2

Consider the following code:

@echo off
chcp 65001 >NUL

rem Main thread here which shows how to change each letter to UPPERCASE: https://stackoverflow.com/questions/34713621/batch-converting-variable-to-uppercase
rem Comment here: https://stackoverflow.com/a/34734724/8262102
rem I want to use this code to replace multiple strings but I'm having difficulty
rem with getting % replaced with double % symbols.

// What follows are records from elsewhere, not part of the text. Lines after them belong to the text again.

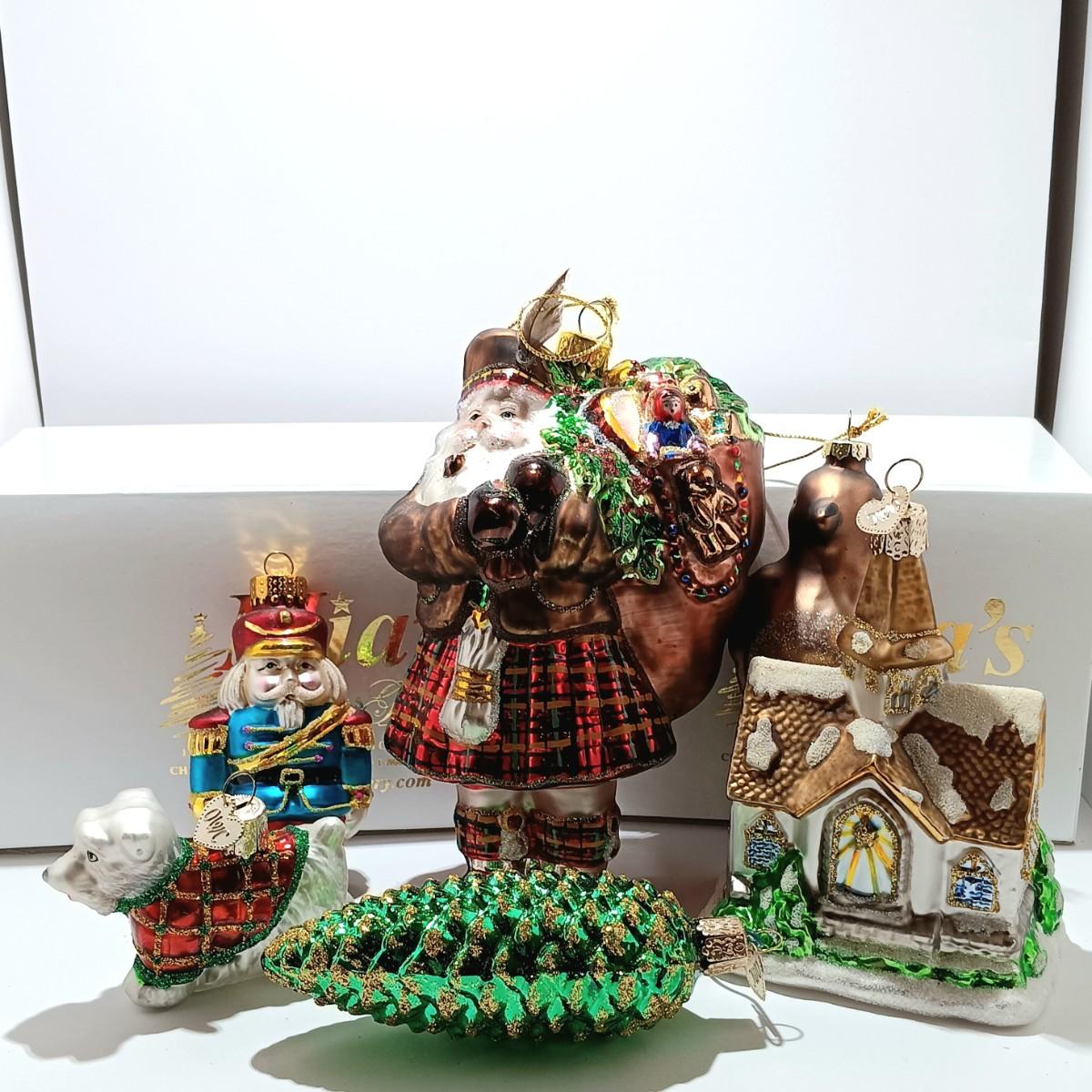 LOT 114: Vintage Highland Santa w/ Old World Chistmas Ornaments & More
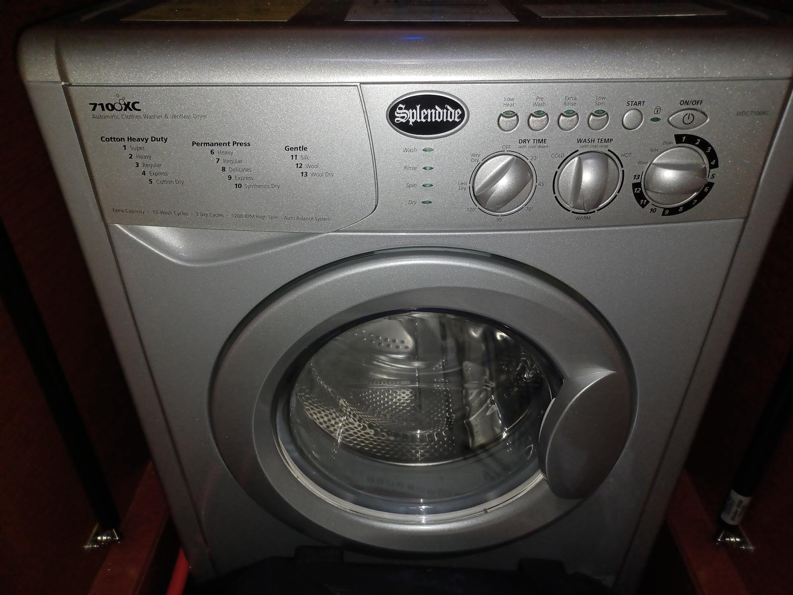 Splendide one-piece washer/dryer under companionway staircase to guest cabins
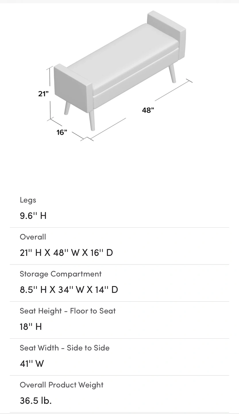 Clean-lined storage bench full of mid-century modern style. Its boxy frame rests on brown-hued tapered dowel legs made from solid wood. Wrapped in velvet, the two-person seat also features square arms and a foam fill to provide plenty of support. The seat also lifts to reveal spacious storage for board games, books, and much more.
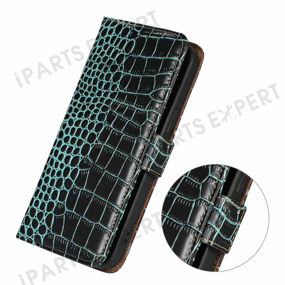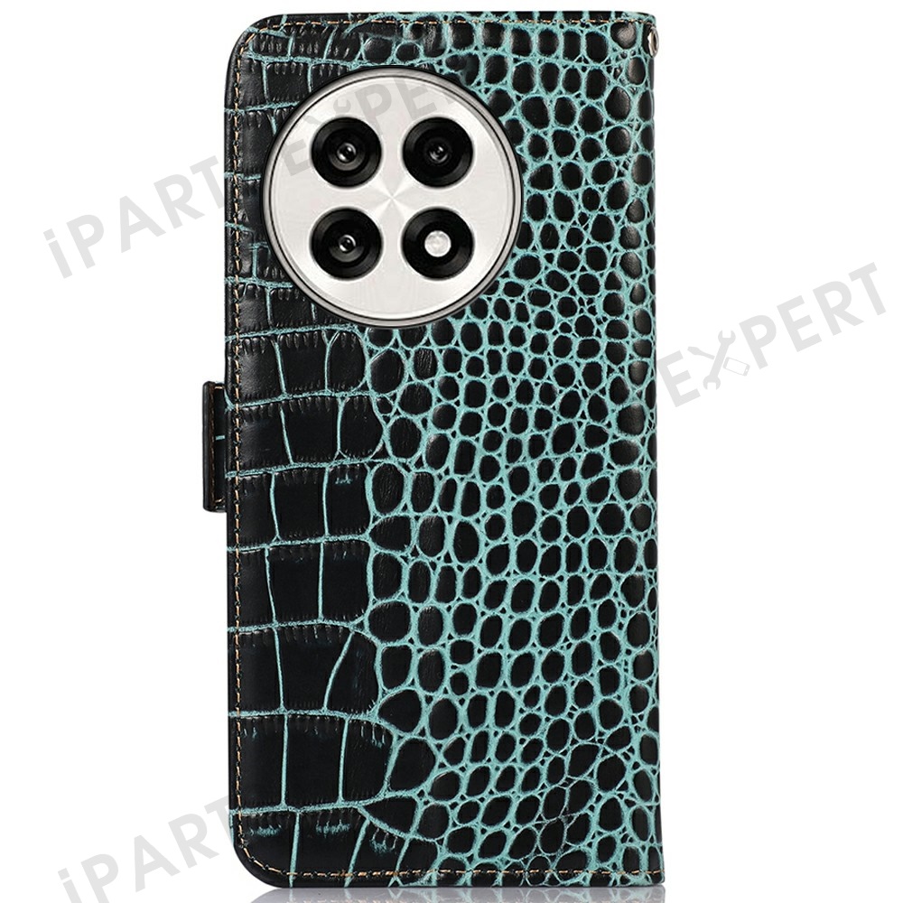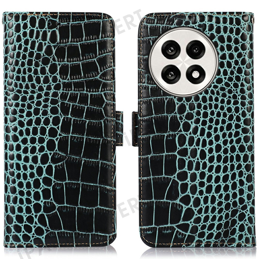 Genuine Cow Leather Phone Case for OnePlus Ace 5 Pro 5G / Ace 5 5G / 13R 5G Crocodile Texture Phone Wallet Cover - Green

set "str=Change %% to double %% and replace other ^(And convert brackets^)"
echo %str% (Old variable)
call :VALIDATE str
echo %str% (New variable)
pause
goto :EOF

:VALIDATE
if not defined %~1 exit /b
for %%A in ("^%^%=^%^%^%^%" "(='('" ")=')'") do (
call set %~1=%%%~1:%%~A%%
)
goto :EOF

This is replacing the ( with '(' and the ) with ')'.

I cannot get % to be replaced with %%.

I've tried to escape the % by using both %% and ^% but no luck at this point in the code "^%^%=^%^%^%^%".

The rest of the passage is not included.